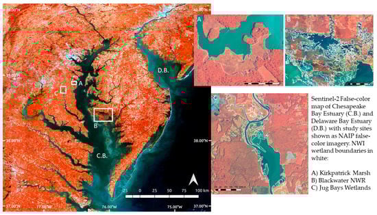 42], mapping the tidal wetlands of the Chesapeake and Delaware Bays for 2017. In this regional scale wetlands classification, we separated estuarine emergent wetlands from palustrine emergent wetlands. This separation corresponded to a general split between freshwater marshes and brackish/salt marshes. Our approaches utilized multitemporal satellite imagery from a single year and can be updated on an annual basis to provide annual assessments of change in tidal wetlands distribution. Our regional scale wetlands mapping effort leveraged the temporally dense record of publicly accessible satellite imagery including Sentinel-1A, Sentinel-2A, Landsat 8, and Advanced Land Observing Satellite (ALOS)—Phased Array type L-band Synthetic Aperture Radar 1 & 2 (PALSAR/PALSAR2) imagery.
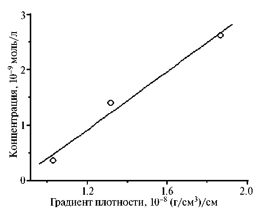 Из рис. 3–5 видно, что соответствие содержания ионов в приконтактном слое снежного покрова и градиента плотности пара описывается линейными зависимостями: для тиосульфатного комплекса золота: [Au(S2O3)23–] = 0.26·Δe — 2.23·10–9,, где Δe — градиент плотности пара (Павлов, 1979), с величиной достоверности аппроксимации 0.98; для ионов меди: [Cu2+] = 0.65·Δe + 2·10–9 с величиной достоверности аппроксимации 0.52; для ионов водорода: [H+] = 1.30·Δе + 1·10–7 с величиной достоверности аппроксимации 0.88; для ионов натрия: [Na+] = 114.4·Δе + 3·10–6 с величиной достоверности аппроксимации 0.69; для хлорид-анионов: [Cl–] = 998.6·Δе + 1·10–6 с величиной достоверности аппроксимации 0.89.
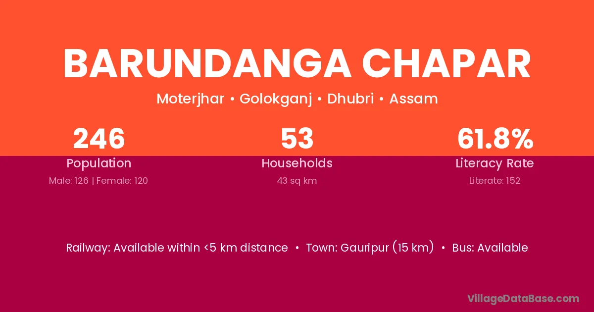 Barundanga Chapar village has a total population of 246 people, of which 126 are males and 120 are females.

Task requirements:
Print the listing exactly, images excluded.

Exercise solution:
 42], mapping the tidal wetlands of the Chesapeake and Delaware Bays for 2017. In this regional scale wetlands classification, we separated estuarine emergent wetlands from palustrine emergent wetlands. This separation corresponded to a general split between freshwater marshes and brackish/salt marshes. Our approaches utilized multitemporal satellite imagery from a single year and can be updated on an annual basis to provide annual assessments of change in tidal wetlands distribution. Our regional scale wetlands mapping effort leveraged the temporally dense record of publicly accessible satellite imagery including Sentinel-1A, Sentinel-2A, Landsat 8, and Advanced Land Observing Satellite (ALOS)—Phased Array type L-band Synthetic Aperture Radar 1 & 2 (PALSAR/PALSAR2) imagery.
 Из рис. 3–5 видно, что соответствие содержания ионов в приконтактном слое снежного покрова и градиента плотности пара описывается линейными зависимостями: для тиосульфатного комплекса золота: [Au(S2O3)23–] = 0.26·Δe — 2.23·10–9,, где Δe — градиент плотности пара (Павлов, 1979), с величиной достоверности аппроксимации 0.98; для ионов меди: [Cu2+] = 0.65·Δe + 2·10–9 с величиной достоверности аппроксимации 0.52; для ионов водорода: [H+] = 1.30·Δе + 1·10–7 с величиной достоверности аппроксимации 0.88; для ионов натрия: [Na+] = 114.4·Δе + 3·10–6 с величиной достоверности аппроксимации 0.69; для хлорид-анионов: [Cl–] = 998.6·Δе + 1·10–6 с величиной достоверности аппроксимации 0.89.
 Barundanga Chapar village has a total population of 246 people, of which 126 are males and 120 are females.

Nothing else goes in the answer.